April 17, 2018 / 3:28 PM / 2 years ago

EU mergers and takeovers (April 17)

BRUSSELS, April 17 (Reuters) - The following are mergers under review by the European Commission and a brief guide to the EU merger process:


— Lenovo Group and Fujitsu to set up a joint venture whereby Lenovo acquires a majority stake in certain assets of Fujitsu’s PC business (approved April 16)


— U.S coatings maker Axalta Coating Systems to acquire wire enamel manufacturer IVA’s European and Chinese operations (notified April 16/deadline May 28)

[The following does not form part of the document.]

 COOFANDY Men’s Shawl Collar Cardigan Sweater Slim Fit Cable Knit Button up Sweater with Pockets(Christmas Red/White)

— U.S. agricultural merchant Archer Daniels Midland and agricultural trading house Cargill to set up a joint venture (notified April 16/deadline May 28/simplified)





— iPhone maker Apple to acquire UK music streaming service Shazam (notified March 14/deadline April 23)

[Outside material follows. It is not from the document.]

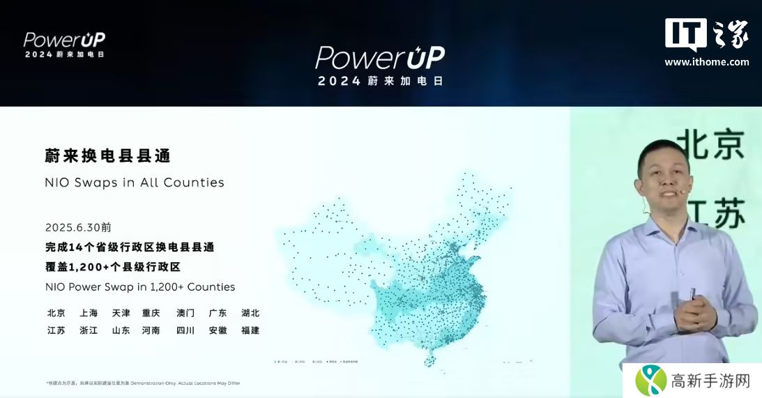 今年 8 月,蔚来创始人、董事长、CEO 李斌宣布,目标 2025 年 6 月 30 日前,完成 14 个省级行政区换电县县通,覆盖 1200+ 个县级行政区。
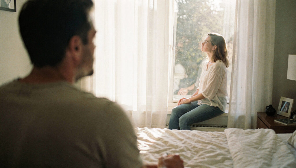 アリスの表情にも揺らぎが残り、ふたりの間に沈黙が増え、家の中の時間が日常に戻っているようで戻らない感覚を帯びます。

— U.S. investment company TA Associates and French investment bank Rothschild to jointly acquire British software company Datix (notified March 14/deadline April 23/simplified)


— Scottish investment company Standardlifeaberdeen, UK oil and gas investment company Neptune and Danish insurer PensionDanmark to acquire joint control of natural gas transport company NGT (notified March 15/deadline April 24/simplified)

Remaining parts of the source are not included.